Records excerpted from a collection:
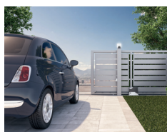
Automatyka do bram przesuwanych

Sieć sprzedaży: dystrybucja produktów Nice odbywa się poprzez sieć ponad 1500 dystrybutorów posiadających ponad dwa tysiące Licencjonowanych Instalatorów, którzy ukończyli profesjonalne szkolenie techniczne i pozytywnie zaliczyli wymagany egzamin. Listę rekomendowanych dystrybutorów można znaleźć na stronie www.nice.pl/gdzie-kupic .
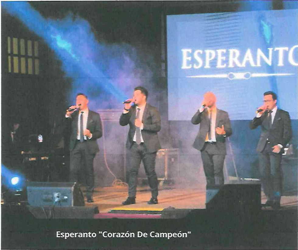
Esperanto "Corazón De Campeón"
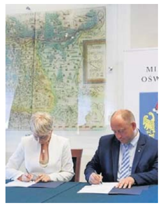
Umowy podpisano na zamku w Oświęcimiu

Z blisko 91 mln zł prawie 18 mln zł wyniesie wsparcie już w tym roku na 14 zaplanowanych zadań realizowanych przez Zarząd Województwa Małopolskiego, Powiat Oświęcimski, Miasto Oświę-
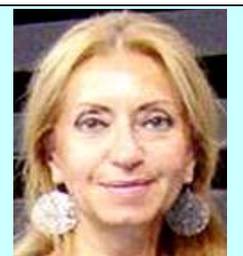
Γερολύμπου Αναπληρώτρια Πρόεδρος.
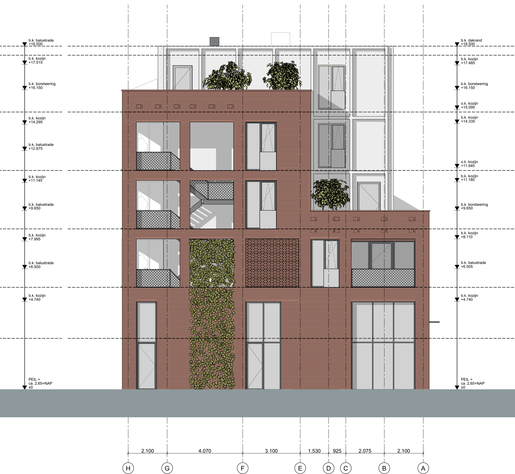
LINKER ZIJGEVEL | NOORD-WEST
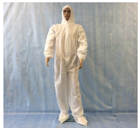
<エレブレイク>を使用した保護服
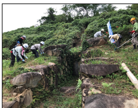
船来山古墳群ボランティア活動
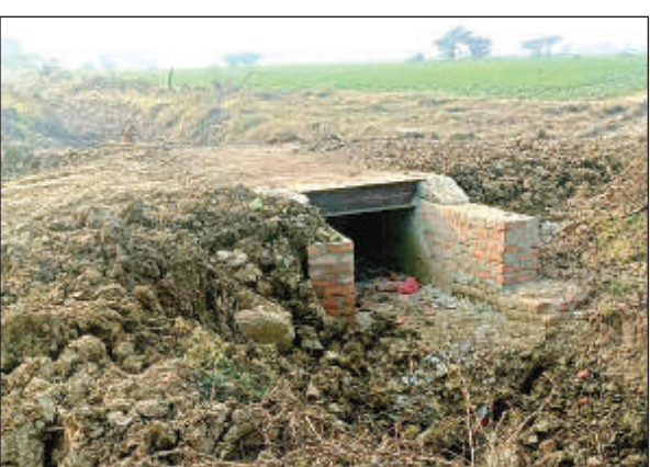
पुलिया निर्माण को डाले गए डोल।
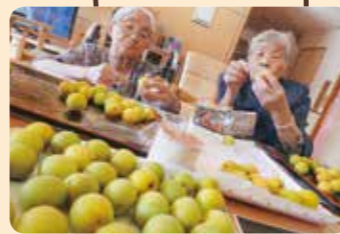
梅酒を作りました
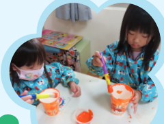
萬聖節慶活動 製作可愛的南瓜杯
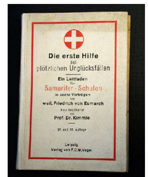
Esmarchs Erste-Hilfe-Handbuch war auch in der Schweiz stark verbreitet.

Der Artikel basiert auf der Präsentation der beiden Pioniere durch den Historiker Urs Amacher in der Verbandszeitschrift «samariter».
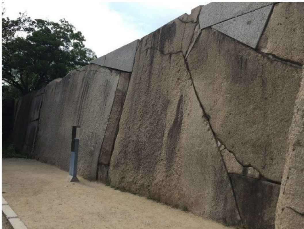
Рис. 32. Мегалиты Японии. Замок Осака [69]
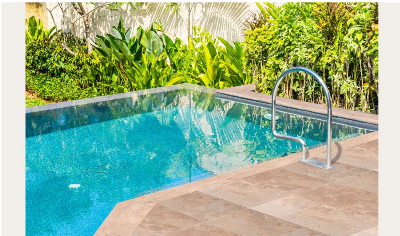
PLAGE & MARGELLE DE PISCINE — SURFACE ANTIDÉRAPANTE
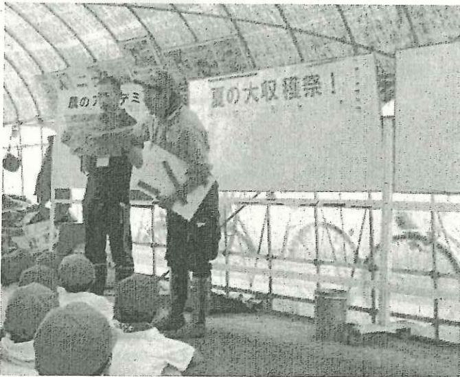
写真2：指導農家さんから、枝豆の成長の経過や収穫方法について説明を受けました。
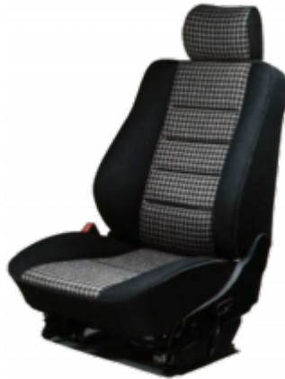
Der Sportline-Sitz: ausgeprägte Schalenform
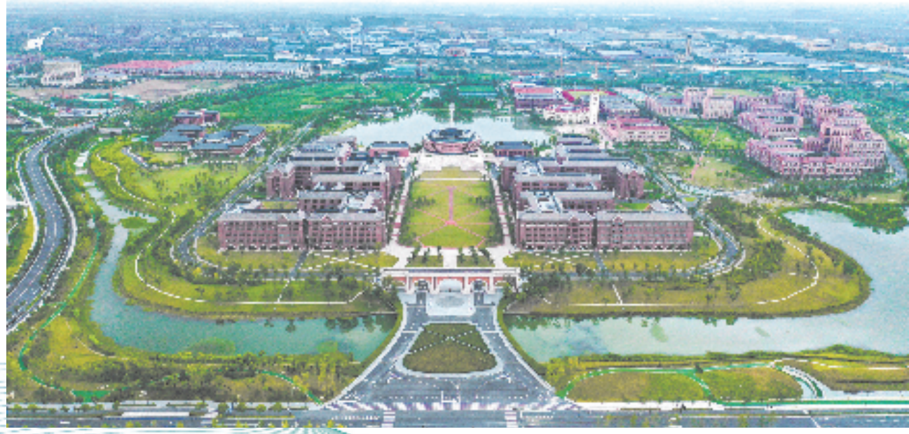
浙江大学国际联合学院(浙江大学海宁国际校区)

“弄潮儿向涛头立,手把红旗旗不湿”。放眼新征程,海宁将以“八八战略”实施20周年为契机,吹响新的号角,坚定不移、忠实践行,奋进谱写中国式现代化海宁新篇章、勇当高质量发展建设共同富裕示范表率的新征程。
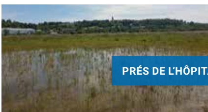
PRÉS DE L'HÔPITAL

Identifié comme zone d'intervention du Conservatoire du littoral en 1996, ce site de 55 ha, situé le long du cours de la Sée, est constitué de terrains en nature de prairies inondables et de cultures. L'acquisition de ces 9 ha supplémentaires, en partenariat avec la SAFER de Normandie, porte à 15 ha le domaine protégé par le Conservatoire du littoral. Cette acquisition permet de constituer une unité fonctionnelle de gestion qui vient compléter les propriétés de la Fondation Nationale de la Faune Sauvage (25 ha). Le site est géré par la Fédération départementale des chasseurs de la Manche, avec le Syndicat Mixte des Espaces Littoraux - SyMEL (gestionnaire des terrains du Conservatoire du littoral dans la Manche). Cette acquisition bénéficie du soutien de l'Agence de l'Eau Seine-Normandie.
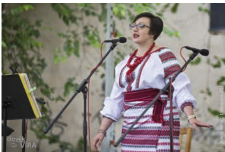
Ukrajinský vokální soubor Korále
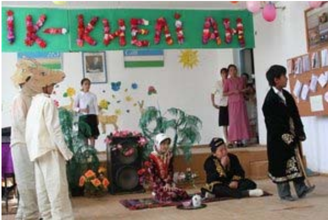
Спектакль о сайгаке в п. Жаслык.

Уже не первый год узбекская команда Альянса по сохранению сайгака при финансовой поддержке WCN проводит обучающую программу для детей Устюрта. В программу по сохранению сайгака активно включились учителя, дети и их родители из трех школ, расположенных в кишлаках с наиболее высоким уровнем браконьерства на сайгака: Жаслык, Каракалпакии. Также мы расширили программу за счет вовлечения школьников из нового для нас поселка Кубла-Устюрт, расположенного в отдаленном малодоступном для посещения районе на восточном чинке плато Устюрт. В марте-апреле этого года в школах были показаны спектакли посвященные сайгаку. Моменту показа предшествовала большая творческая работа детей, педагогов и даже родителей. Дети написали истории посвященные сайгакам: сказки, новеллы, стихи. Самые лучшие из них были выбраны жюри и использованы для создания сценариев
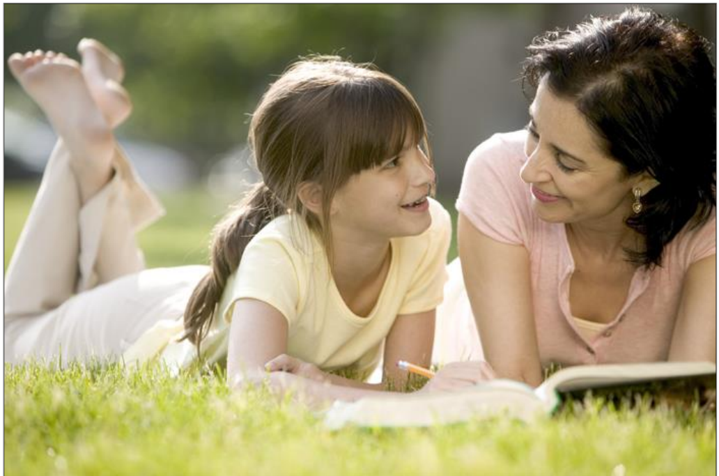
Slika 2: Verbalna komunikacija majke s djetetom ( https://www.google.com/search?client=firefox-b-ab&biw=1366&bih=654&tbm=isch&sa=1&ei=Db2PW88IwdnAAqP6pagH&q=verbalna+komunikacija+kod+djece&oq=verbalna+komunikacija+kod+djece&gs_l=img.3...376254.376254.0.376886.1.1.0.0.0.334.334.3-1.1.0....0...1c..64.img..0.0.0....0._fy6MiDg1Gc#imgcr=GUZNI2AIj7W62M: )
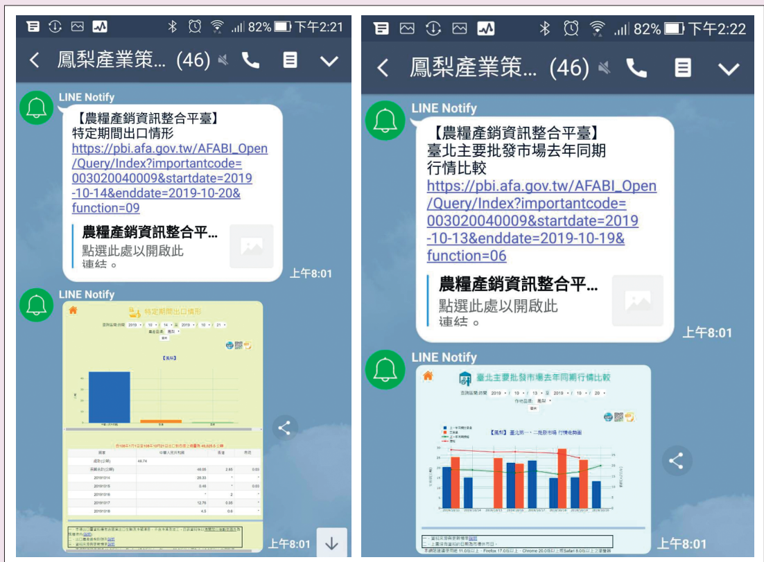
圖 4. 平臺主動傳遞產銷資訊圖表至策略聯盟群組。

本平臺提供之產銷資訊，可協助農政單位輔導農產品產銷作業與維持蔬果價格平穩，並做為產銷班、合作社/場、農會及農民等擬訂產銷策略之參考；亦可供政府單位綜合評估研判蔬果供給與市場需求狀況，進而採行適當調節措施。精進後之平臺力求資訊傳遞更多元廣泛，使農糧產銷業務推動更具靈活與彈性，未來將持續蒐集使用者反映意見，滾動式檢討精進功能與資料項目，提供更符合使用需求之資訊服務。
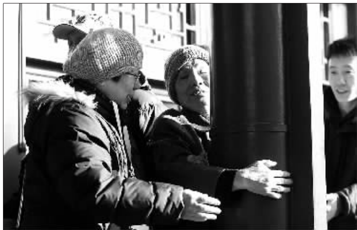
2 月 4 日，北京恭王府迎来了一批特殊的客人。他们是通过北京红丹丹教育文化交流中心“心目影院”组织来参观的盲人朋友。在志愿者的讲解与帮助下，盲人朋友们用双手触摸到了拥有 200 多年历史的大门门钉、石狮子、铜路灯、古树等，真实地感受到恭王府这座王府博物馆的悠久历史与文化气息。

据披露，本次发行前，汉王科技的总股本为 8000 余万股，本次拟发行 2700 万股流通股，于 2 月 9 日开始申报。据统计，2009 年，汉王的销售收入分别为 2.34 亿元和 2.28 亿元，但 2009 年这个数字增长到 5.81 亿元。其中，“电纸书”销售额为 3.9 亿元。在利润上，2008 年比 2007 年增长了 106.2%，2009 年比 2008 年增长了 183%。
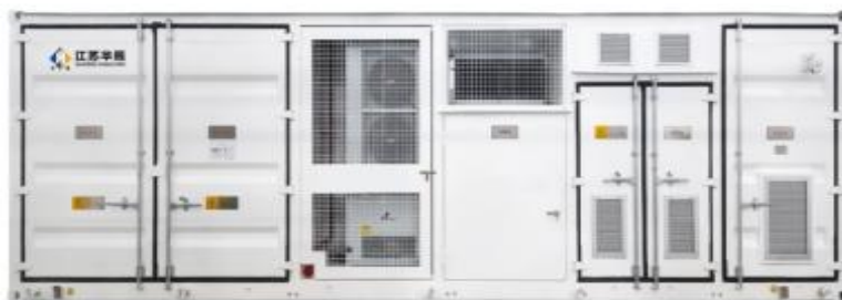
中压交直流一体储能舱
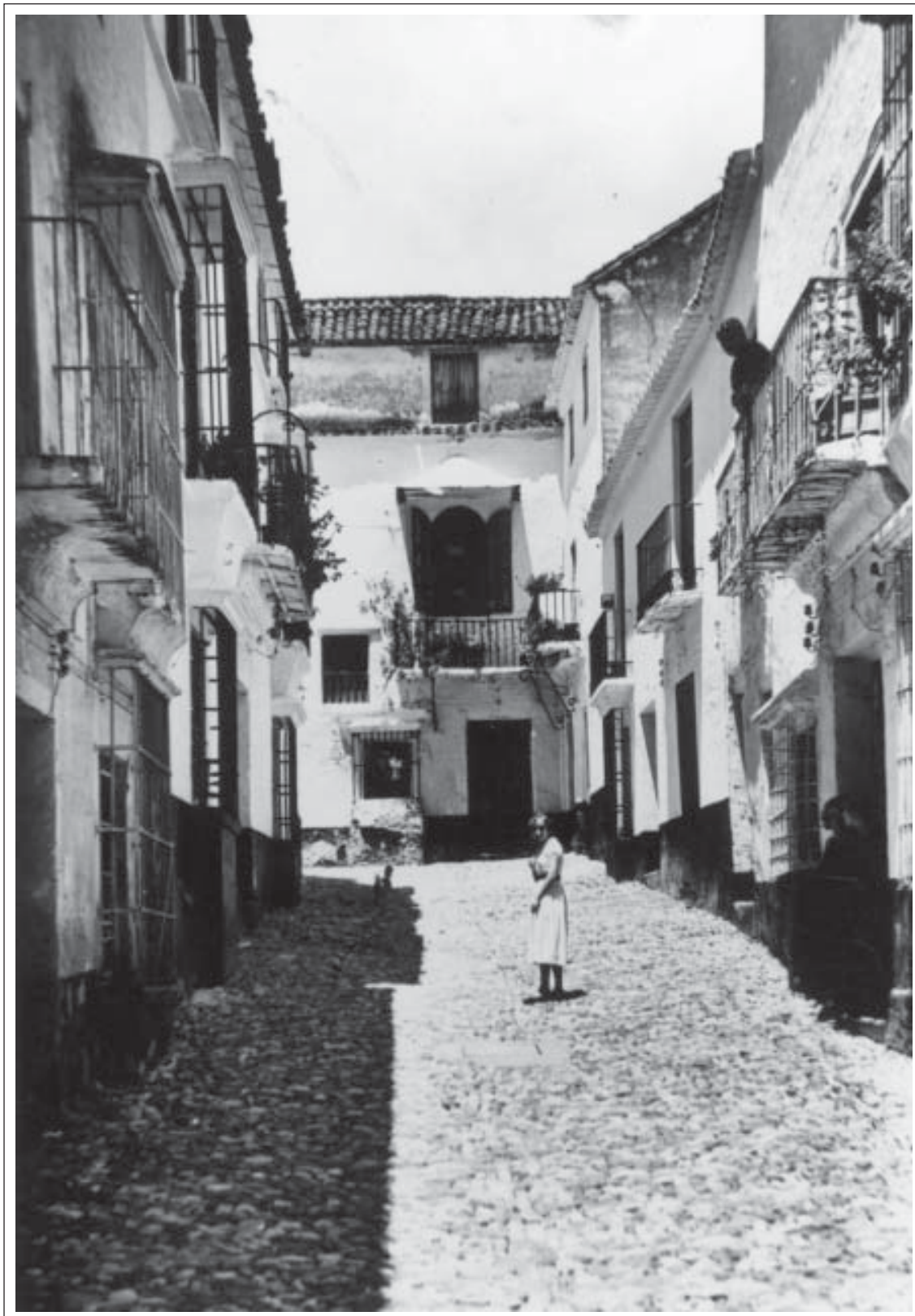
☉ Calle Virgen de los Dolores. Años 50.

maíz, negro, y te daban un bollito de unos 100 gramos por persona. El pan blanco no llegaba (...). Mi madre amasaba harina de cebada y maíz y en una hoja de palma lo metía en el horno, estaba malo, pero peor era ninguno (...)” 17 .
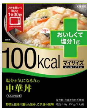
100kcal マイサイズいいね!プラス 塩分が気になる方の中華丼
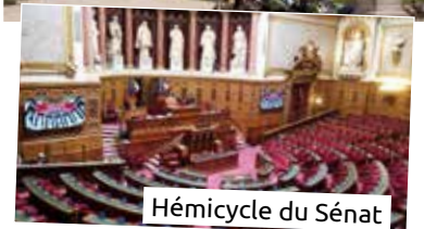
Hémicycle du Sénat
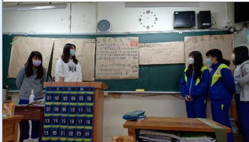
學生利用海報進行白色恐怖受害者個案報告
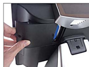
Sostituzione semplificata HDD
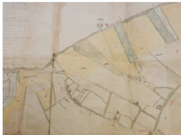
Chateaud'Ostin in 1720.

Op zoek naar bronnen over dit kasteel vond ik het boek 'Châteaux et monuments des Pays-Bas' met daarin een verwijzing naar een tuinarchitect Zocher. 'Le château d'Ostin apparaît en venant de Villers et de St. Denis au bout d'une avenue longue, belle et large, formée par quatre rangées de tilleuls et d'ormes nouvellement plantés. Il

Exercise objective:
Starting from the line holding "Chateaud'Ostin in 1720.", restate the remaining lines of the data word for word, including the last.

Result of the exercise:
Chateaud'Ostin in 1720.

Op zoek naar bronnen over dit kasteel vond ik het boek 'Châteaux et monuments des Pays-Bas' met daarin een verwijzing naar een tuinarchitect Zocher. 'Le château d'Ostin apparaît en venant de Villers et de St. Denis au bout d'une avenue longue, belle et large, formée par quatre rangées de tilleuls et d'ormes nouvellement plantés. Il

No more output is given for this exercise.